И Горпищенко объясняет, что было это во время эвакуации, а начиналось в Чолбасах, где перед отправкой чабаны гуртовались в кучегурах[4] с отарами.
— И как тронулся я с овечками тогда с чолбасовских кучегур, так лишь на другое лето опять с такими же кучегурами повстречался. «Где же это я? — думаю. — Не в Чолбасах ли снова очутился, земной шар с отарой обогнул!» — «Нет, говорят, ты в Азии, это азиатские пески вокруг». А я все свое: «Вот тебе, думаю, шел-шел — и снова в Чолбасы пришел!..»
— Да да, у меня татко в самом деле кругосветник! — воскликнула, весело сверкнув глазами на капитана и своих одноклассников, Тоня.
Тем временем Яцуба, улучив момент затишья, встает и обращается к выпускникам с обстоятельным напутствием от родительского комитета. Особенно настойчиво призывает он хлопцев, переступая Рубикон в самостоятельную жизнь, не поддаваться влиянию хулиганов, не безобразничать, быть дисциплинированными и трудолюбивыми, по возможности избегать алкоголя и табака.
— А то теперь — только отстал от соски, как уже хватается за папиросу. В наше время, помнишь, Иван, какие были методы воспитания? — обращается он за поддержкой к капитану Дорошенко. — Помню, еще пастушком был при отаре, надумал закурить, а спичек нет. Смотрю, человек по степи едет, кричу ему: «Дядько, дайте прикурить!» А он: «Подойди ближе, сынок…» Подхожу, а он кнутом ка-ак полоснет! Полоснул раз, полоснул другой! Так угостил, что и до сих пор не курю!

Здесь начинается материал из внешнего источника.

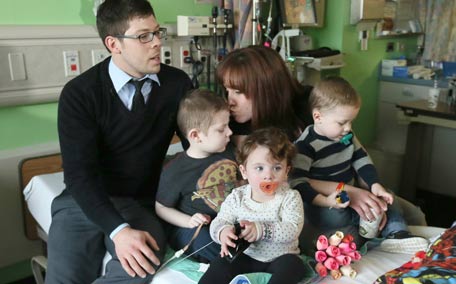 William and Sarah Cramer, of Mogadore, Ohio sit with their children, from left, Billy, 4, Delaney, 1, and Mason, 2, during a television interview after their wedding in Billy's hospital room at Akron Children's Hospital, in Akron, Ohio. (AP)
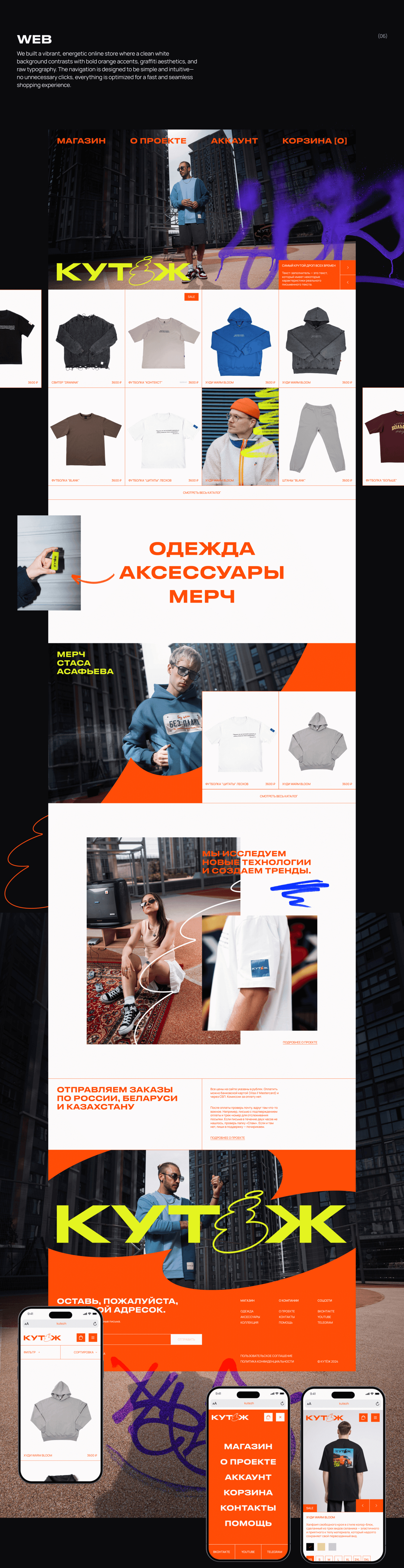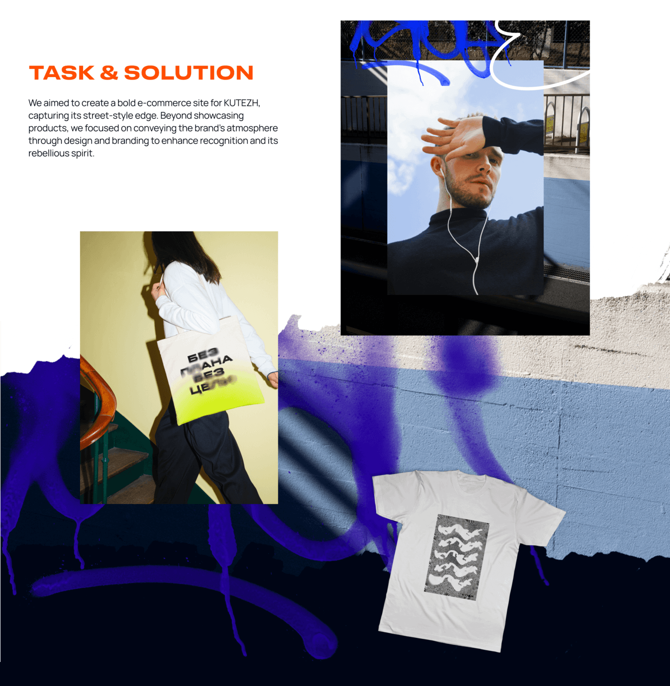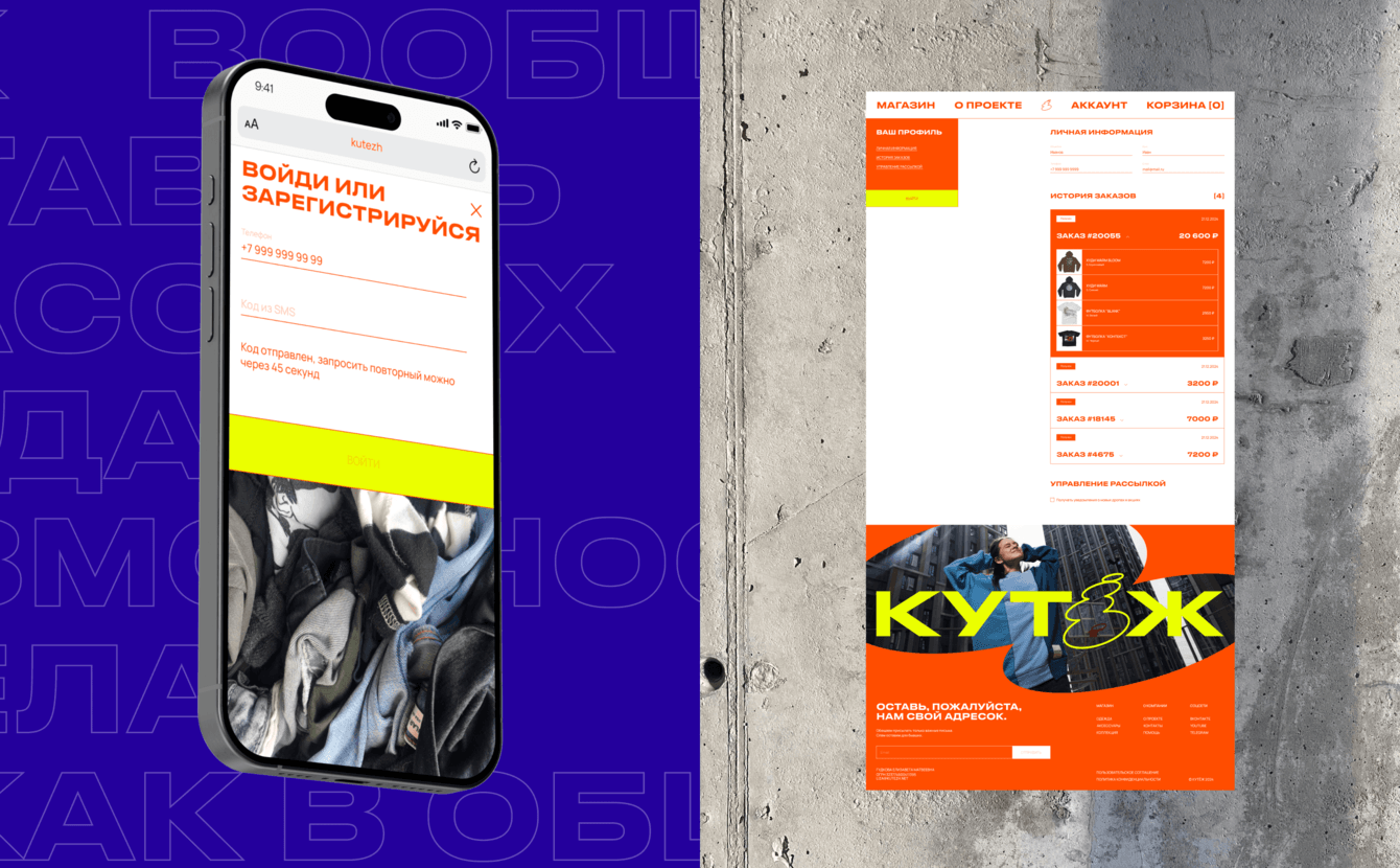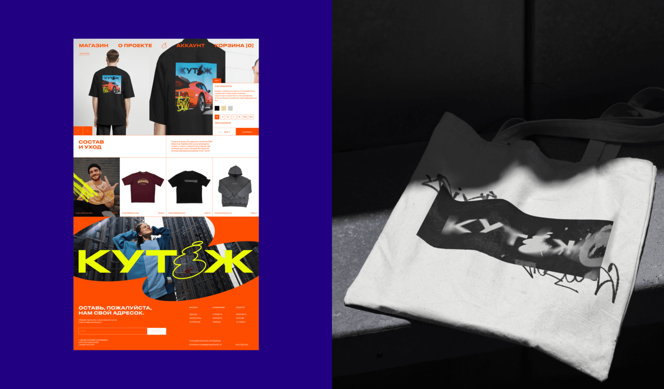 Задача состояла в создании айдентики и интернет-магазина для бренда стильной повседневной одежды «Кутёж». Нужно было разработать яркий и дерзкий визуал, вдохновлённый граффити-культурой и DIY-эстетикой, подчеркнув уличный характер бренда. Особое внимание уделялось функциональности сайта, поскольку активность аудитории во время дропов коллекций способна создавать высокие нагрузки, с которыми справлялись далеко не все площадки.
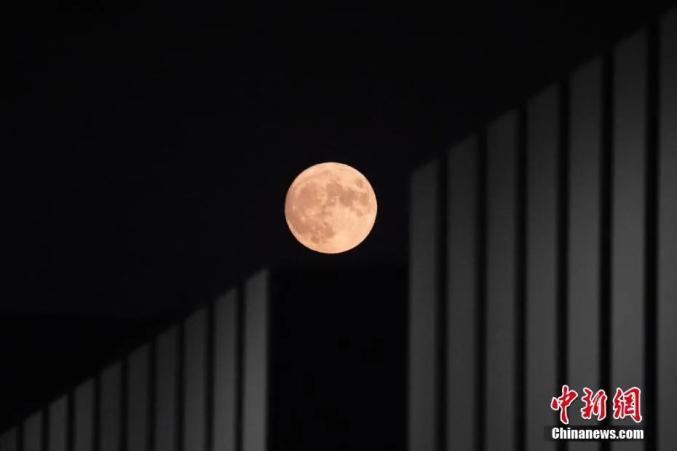 资料图:农历八月十五中秋节,圆月与北京的现代建筑相映成趣。中新社记者 盛佳鹏 摄
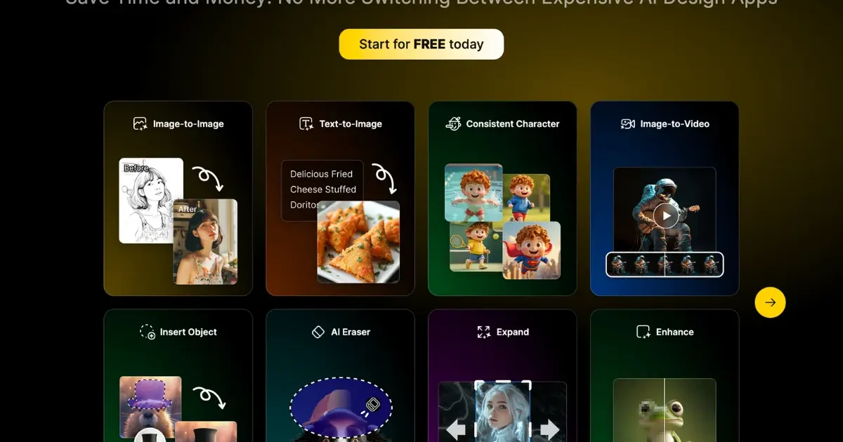 Text-to-image and image-to-image generation Layer-based canvas composition with drag-and-drop positioning Generative Fill for editing specific areas via text instruction Remove Object tool for cleaning unwanted elements from photos Background removal with one-click simplification Face Swap and avatar generation AI Photo Filter for cartoon and style conversion 2D-to-3D image converter Auto-selection tool to extract objects as separate layers AI Photo Enhancer for clarity and artifact fixing Sketch-to-art conversion Consistent character generation across multiple images Built-in GPT-assisted prompt generation Predefined style library for easy customization Export up to 6144×6144 pixels in high resolution AI text effects and logo design tools
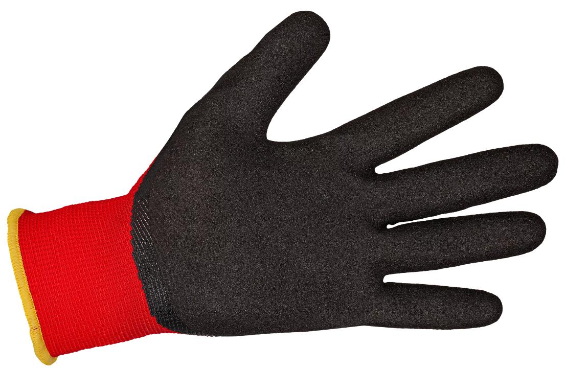 Materiál: 100 % PES úplet 13 g, dvojvrstvový nitril – piesková úprava, pružná manžeta v zápästí
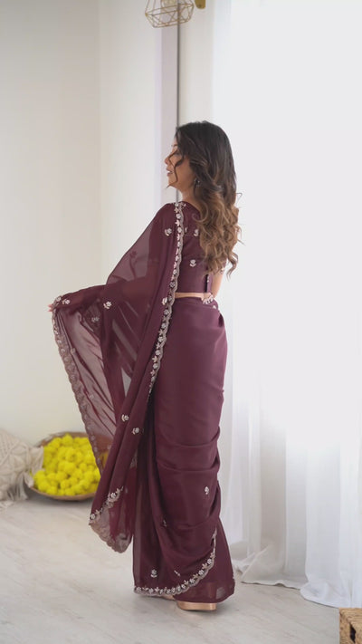 Wine Embroidered Georgette Lace Saree
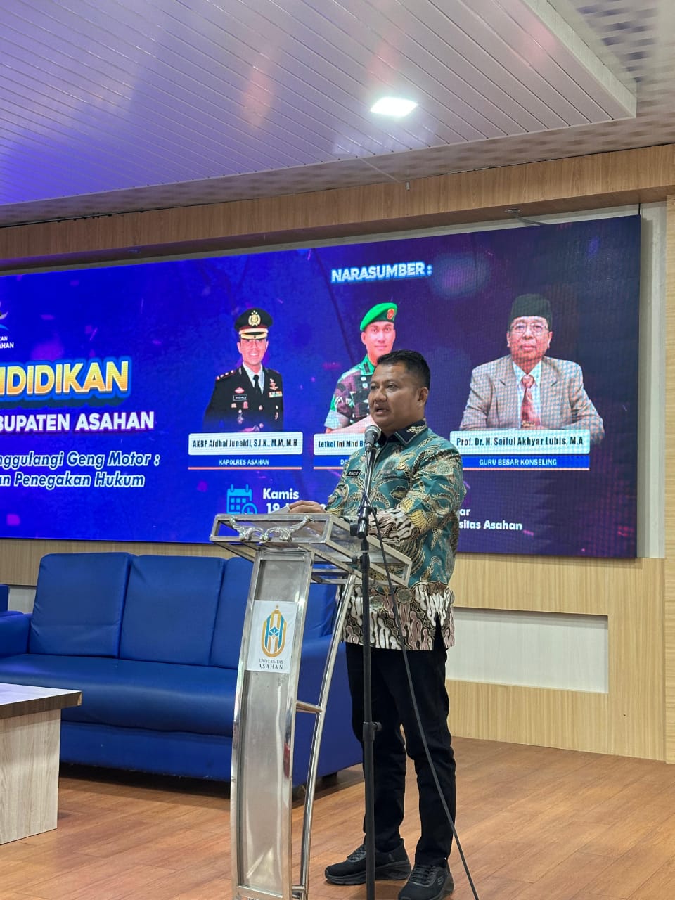 Hal itu disampaikan Wakil Bupati Asahan Rianto SH, MAP ketika menghadiri seminar pendidikan strategi multi pihak dalam menanggulangi geng motor yang diselenggarakan Dewan Pendidikan Asahan di Aula Zulfirman Siregar Universitas Asahan, Kamis (19/06/2025).

Слушая майора, хлопцы украдкой под столом пожимают друг другу руки, дают полушепотом коллективную клятву, что будут жить правильно, на виноград майора зариться не станут и пальцем не притронутся к его калитке, по которой хозяин ночью будто бы электрический ток пропускает…
— Вы вот там перешептываетесь, насмехаетесь над старшими, — бледнея, говорит Яцуба. — Для вас мы — культовики, а ведь, может, и наша жизнь не напрасной была, для вашего же счастья фундамент закладывали…
И, заставив этим молодежь примолкнуть, Яцуба начинает рассказывать про знаменитое событие этого края, про известное восстание батраков в Британах в конце двадцатых годов — одним из руководителей этой стачки был и он, молодой тогда батрацкий деятель Яцуба.
— Первая в истории забастовка, поддержанная Советской властью! — с гордостью восклицает майор. — А как мы ее организовали! На весь мир прогремела! Разве я не правду говорю? — обращается он к капитану Дорошенко за подтверждением, и тот с улыбкой легким кивком головы свидетельствует: да, мол, было, было…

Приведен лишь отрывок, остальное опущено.